Don’t be scared to share your relationship with Christ. But if you are, that’s kind of awesome. How? You have prayer ammo for a long time. Just be like, “God, I’m scared of sharing our relationship with others because…” and fill in the blank. Look up the answers in scripture, ask your priest, your youth minister, your parents, a friend, etc. A journey of 1000 miles begins with a single step…are you ready to take that first step?

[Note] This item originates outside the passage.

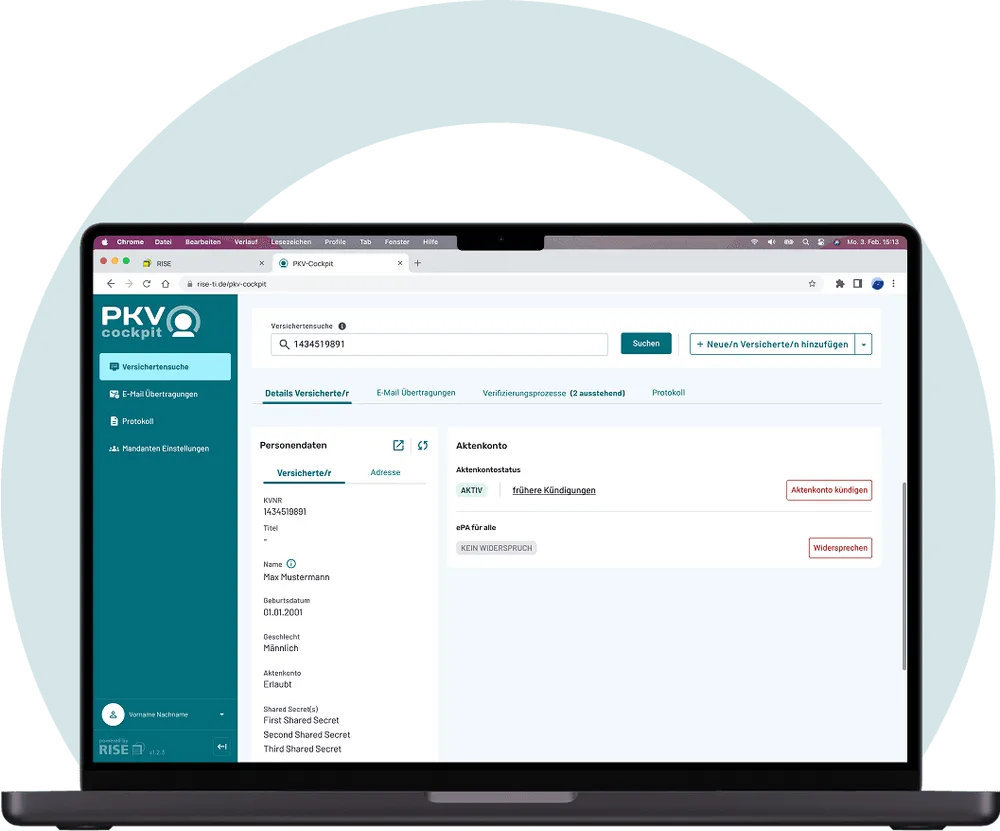 Das PKV-Cockpit bietet eine intuitive, übersichtliche Benutzeroberfläche für die Sachbearbeitung und Administration. Private Krankenversicherungen steuern ihre Prozesse in der TI 2.0 effizient und sicher -- auch ohne direkte Systemanbindung.
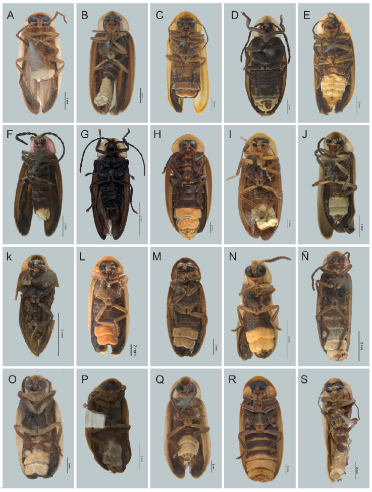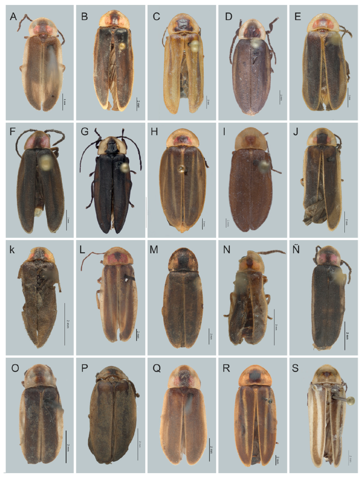 Para las especies previamente registradas en la región y que no aparecen en la publicación de Zaragoza-Caballero et al. (2020) y Zaragoza-Caballero, López-Pérez et al. (2023), se ilustra el hábito en vista dorsal y ventral, asimismo se muestra un ejemplo de los genitales masculinos para aquellos géneros que se encuentran en la región y que tampoco aparecen en los trabajos antes mencionados. De las especies ya antes registradas en la región: Amydetes fastigiataIlliger, 1807, Aspisoma lepidum (Gorham, 1881), A. yucatanum Olivier, 1908, Bicellonycha facialis (Gorham, 1881), Cratomorphus leoneliLima et al. 2021, Lucidota diaphanuraGorham, 1881, Phaenolis mexicanaMcDermott, 1958, Photinoides bidenticauda (McDermott, 1958), Photuris trivittata Lloyd y Ballantyne, 2003, Photinus affinisGorham, 1880, P. albicaudaGorham, 1881, P. ampliatusOlivier, 1907, P. cordovaeGorham, 1881, P. parvulusGorham, 1881, Pyractomena striatellaGorham, 1880, P. vexillariaGorham, 1881 y Vesta thoracica (Olivier, 1790), no se ilustran en fotografías debido a la falta de material; las diagnosis y datos de éstas se recuperaron de las descripciones originales. Para las especies nuevas se ilustra su hábito dorsal y ventral, así como los genitales masculinos. Para la revisión de los ejemplares, la separación del edeago en machos y la toma de medidas se utilizó un microscopio estereoscopio Carl Zeiss™ Discovery V8; las medidas se expresan en mm. Todas las especies de Photinus fueron medidas en el largo y ancho total (LT, AT), largo y ancho del pronoto (LP, AP), largo y ancho de los élitros (LE, AE), largo de las antenas (LA), distancia interocular (DI), distancia interantenal (DIA) y largo y ancho del ojo (LO, AO). Asimismo, se obtuvieron las proporciones largo y ancho de los élitros (LE/AE) y largo de los élitros y largo del pronoto (LE/LP). Los datos anteriores permiten establecer las categorías: chica, corta, mediana, larga y grande en las especies (Zaragoza-Caballero, López-Pérez et al., 2023).

Wednesday, December 3, 2014

The Game of Life

    Life is a game and God is the coach...wait, what? Let’s compare us to a swimmer. A swimmer’s goal is to improve throughout the season. They do this through hours and hours of practice and constant critiquing by their coach. If a swimmer has great upper body strength, but isn’t using their legs, a good coach will focus on getting them to use their legs (perhaps through a use of a kickboard). A swimmer needs to constantly be improving to continue to be competitive. If someone is content with how they swim at age 8, don’t expect them to win in high school. Life is no different. God wants us to work on our weaknesses to grow into the best version of ourselves.
    2 Corinthians 11:30 says “I will boast in my weakness.” This is because just like a swimmer relies on their swim coach to perfect their stroke, our weaknesses causes us to rely on God to help us correct our shortcomings. We have the freewill to accept his critiques or to dismiss him. But if you had the best coach in the game, wouldn’t you want to listen to them?
    How do we do this? Just like in swimming, you work on one thing at a time. If you struggle with eating excessively, being on Instagram too long, not doing your homework, staying up late, and yelling at your family, pick only one to work on. Set goals. Commit to finishing your homework before you go on social media. Or perhaps just work on getting to bed at a reasonable hour. Maybe count to 10 before responding to family when you’re upset. Once we are able to overcome one of our weaknesses, we feel empowered to tackle another and another. As our weaknesses decrease, we are preparing to accomplish our life goal...and that’s to get to Heaven. The path may be filled with bumps, curves, and rough patches, but these struggles allow us to fully experience the beauty that awaits us at the Pearly Gates (Revelation 21:21).